Parser_wstring.hpp transcodes via std::mbsrtowcs / std::wcsrtombs and passes the
result straight into resize():

auto len = std::mbsrtowcs(outStr.data(), &ptr, val.size(), &state);
outStr.resize(len);   // len can be (size_t)-1

std::mbsrtowcs / std::wcsrtombs return (size_t)-1 when the input is not valid in the
current C locale's LC_CTYPE encoding. The default "C" locale is ASCII-only, so any
non-ASCII byte makes len equal to (size_t)-1, which becomes resize(SIZE_MAX) and
throws std::length_error. read is declared noexcept, so that becomes an immediate
std::terminate. Parser_filepath.hpp has the same locale dependency through
path::string() and the narrow path constructor.
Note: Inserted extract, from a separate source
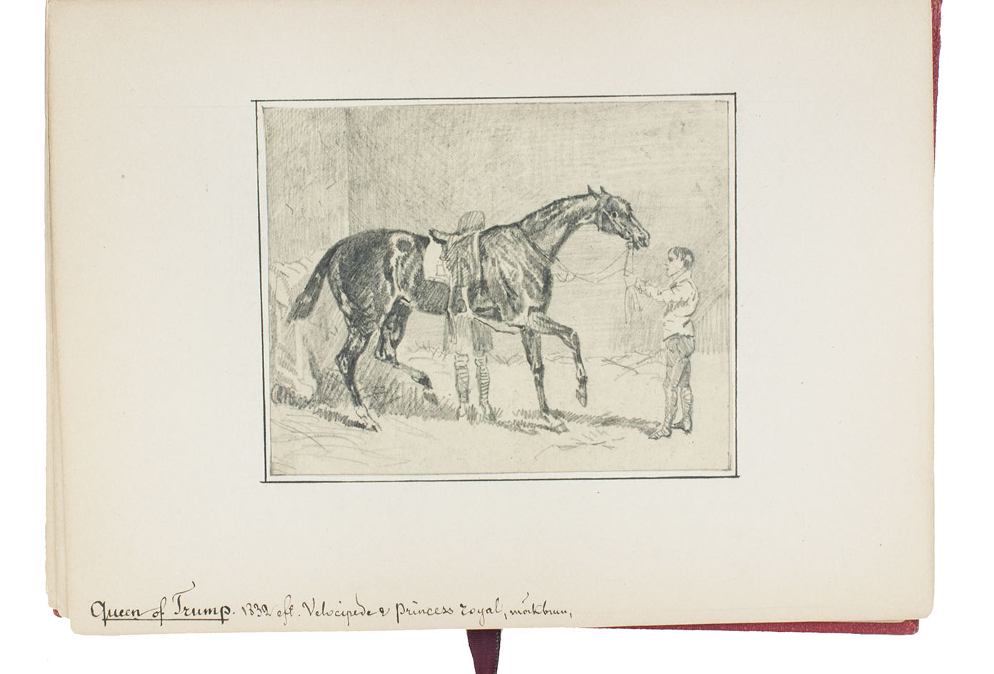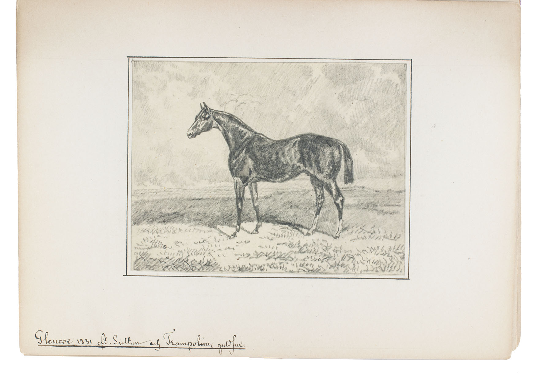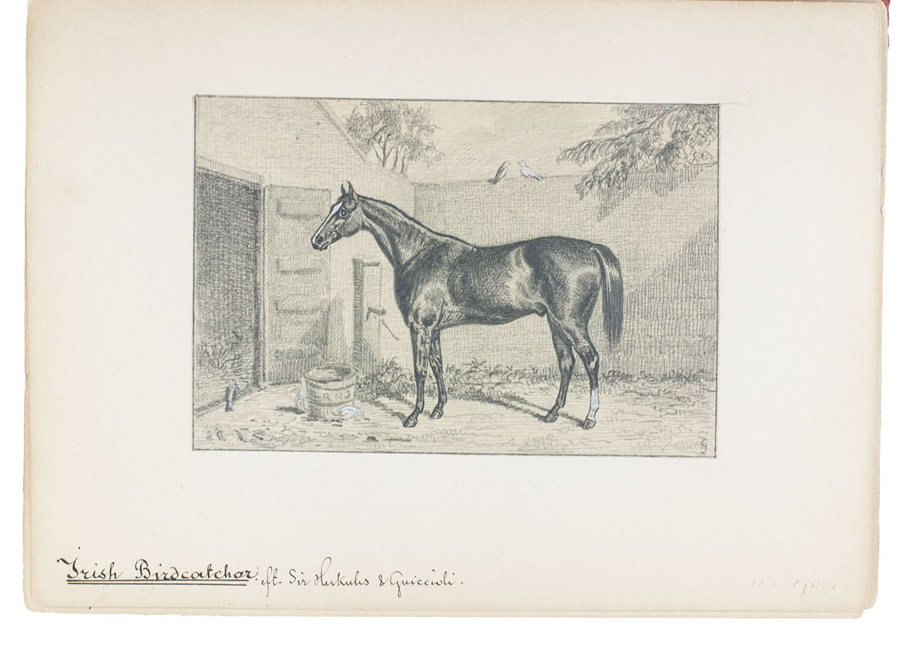 A collection of 36 pencil drawings of famous English thoroughbred race horses by at least three artists, including one signed "Harry Hall" and several others clearly based directly or indirectly on his paintings. Some horses appear in their stables or grounds, sometimes with a stable boy, groom or owner, others are shown carrying a jockey during a race at a track. The earliest horses shown include a beautiful pencil and ink-wash drawing of Camel (1822-1844), who raced from 1825 to 1827 and won the 1826 Port Stakes at Newmarket. He is better known as the sire of Touchstone (1831-1861), also shown, one of the most famous thoroughbreds of all time, who raced from 1833 to 1837.

The fix: two independent commits

Commit 1 serializes std::filesystem::path as UTF-8. Parser_filepath now uses
path::u8string() and construction from std::u8string instead of the locale-dependent
path::string() and narrow constructor. JSON is UTF-8 (RFC 8259), so this conversion is
well-defined and locale-independent. It uses the standard library only, about one
substantive line per function.

Commit 2 converts std::wstring with an explicit UTF-8 codec. It adds a small header-only
UTF-8 to wchar_t codec that handles both wchar_t widths (UTF-32 on Linux and macOS,
UTF-16 on Windows) and rejects malformed input rather than crashing, then rewires
Parser_wstring to use it. read now returns an rfl::Error on malformed UTF-8, and
write produces correct UTF-8. The parser itself gets shorter, since the locale juggling
is gone.

Commit 1 stands on its own, and commit 2 is independent of it.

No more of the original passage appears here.